Now in the radial part we have
$$R_{rr} + r^{-1} R_r - \frac{\lambda_n}{\alpha} R = 0.$$
This is actually an adjusted Bessel equation itself. Multiply through by $r^2$:
$$r^2 R_{rr} + r R_r + \left ( -\frac{\lambda_n}{\alpha} r^2-0^2 \right ) R = 0.$$
That $-\frac{\lambda_n}{\alpha}$ wouldn't be there in the ordinary Bessel equation. The fix comes because the first two terms are invariant under a linear change of variable, so we can replace $s=\sqrt{-\lambda_n/\alpha} r$ (dropping the $n$ as an abuse of notation) and then we have
$$s^2 R_{ss} + s R_s + \left ( s^2 - 0^2 \right ) R = 0.$$
This gives $R=c_{1,n} J_0(s) + c_{2,n} Y_0(s)$, Bessel functions of order zero. For nonsingularity at the origin we force $c_{2,n}=0$.
So now the question is about what $c_{1,n}$ is. The big catch is that in order for $J_0(\sqrt{-\lambda_n/\alpha} r)$ to have zeros, we must have $\sqrt{-\lambda_n/\alpha}$ real. (This also makes intuitive sense as it implies exponential decay.)
As a result you choose $\lambda_n$ so that $\sqrt{-\lambda_n/\alpha} R$ is a zero of $J_0$ (where $R$ is now the radius of the rod). We can pick the zero of interest to be $j_{0,n}$ which is where $n$ enters into the picture.
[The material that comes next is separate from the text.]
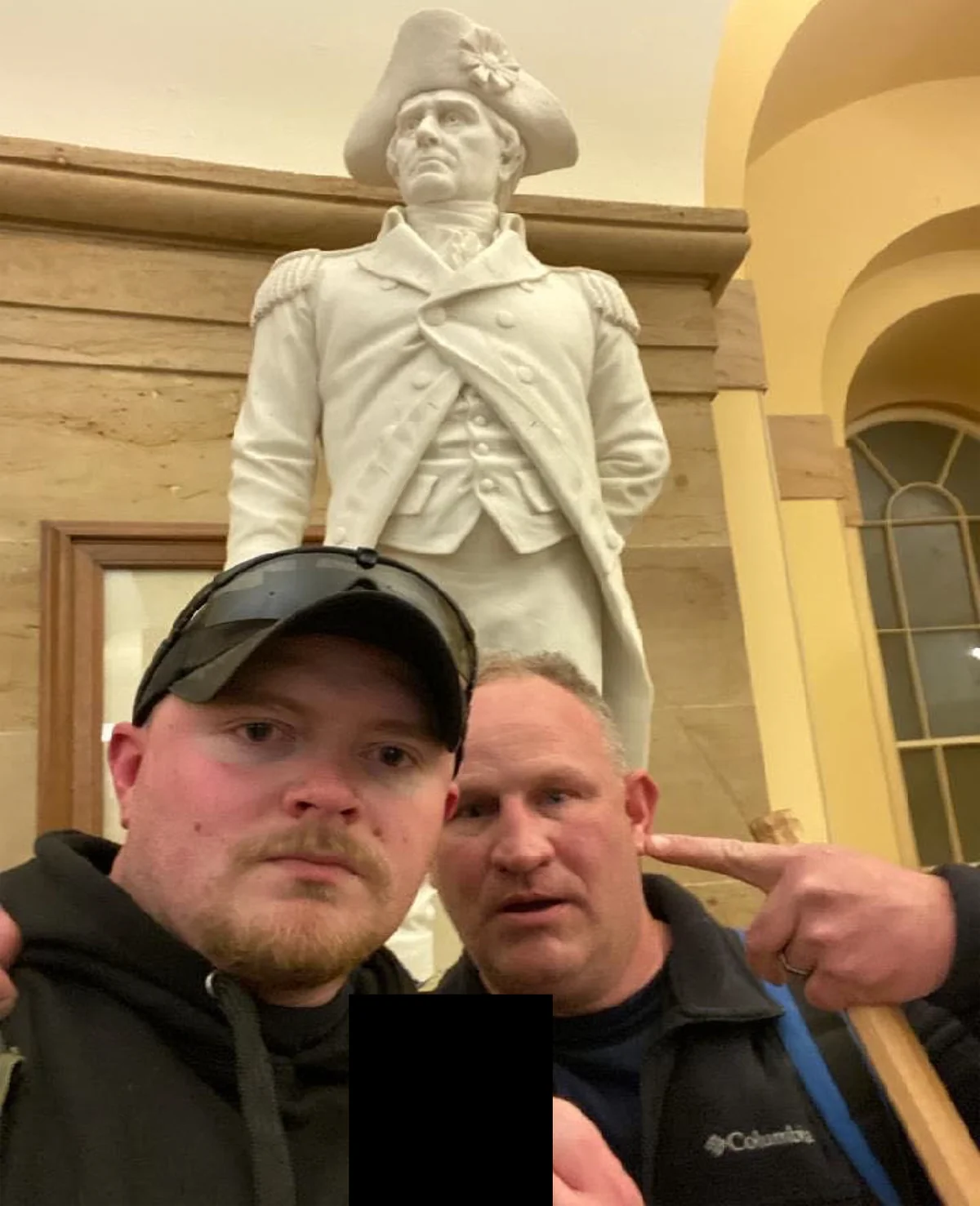Am 6. Januar waren die beiden kommunikativer. Thomas Robertson und Jacob Fracker informieren ihre Kollegen in Rocky Mount live aus dem Kapitol über ihre Leistungen. Ein Selfie zeigt sie triumphierend vor einer Statue von John Stark, General im Unabhängigkeitskrieg, der den Satz geprägt hat: „Frei leben oder sterben“. Fracker hat den Mittelfinger erhoben. „Die Linken sind nur sauer, weil wir tatsächlich die Regierung angegriffen haben“, schreibt Robertson auf seiner Facebook-Seite, „die Rechten haben das fucking Kapitol an nur EINEM TAG eingenommen.“
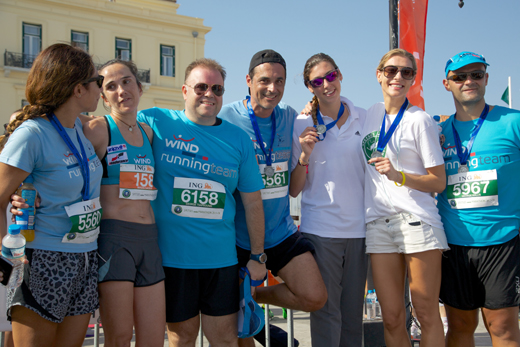 Γιώργος Τσαπρούνης, Διευθυντής Εταιρικών Σχέσεων WIND, Γιώργος Ράλλης, Γενικός Οικονομικός Διευθυντής WIND, Ειρήνη Αναστασιάδου, Corporate Affairs Υπεύθυνη Εταιρικών Σχέσεων WIND, Χριστίνα Κοραή, Γραφείο Τύπου WIND, Μαρίνα Κουταρέλη, Πρόεδρος Οργανωτικής Επιτροπής SPETSES MINI MARATHON, Μαρία Πολύζου (Μαραθωνοδρόμος) Ζέτα Δούκα και μέλη της WIND Running Team

Now we solve that for the eigenvalue, and get $\lambda_n=-\frac{\alpha j_{0,n}^2}{R^2}$ which gives
$$u=\sum_n c_n J_0 \left ( j_{0,n} \frac{r}{R} \right ) e^{-\frac{\alpha j_{0,n}^2}{R^2} t}.$$
Now it remains to find the $c_n$ to match the initial profile.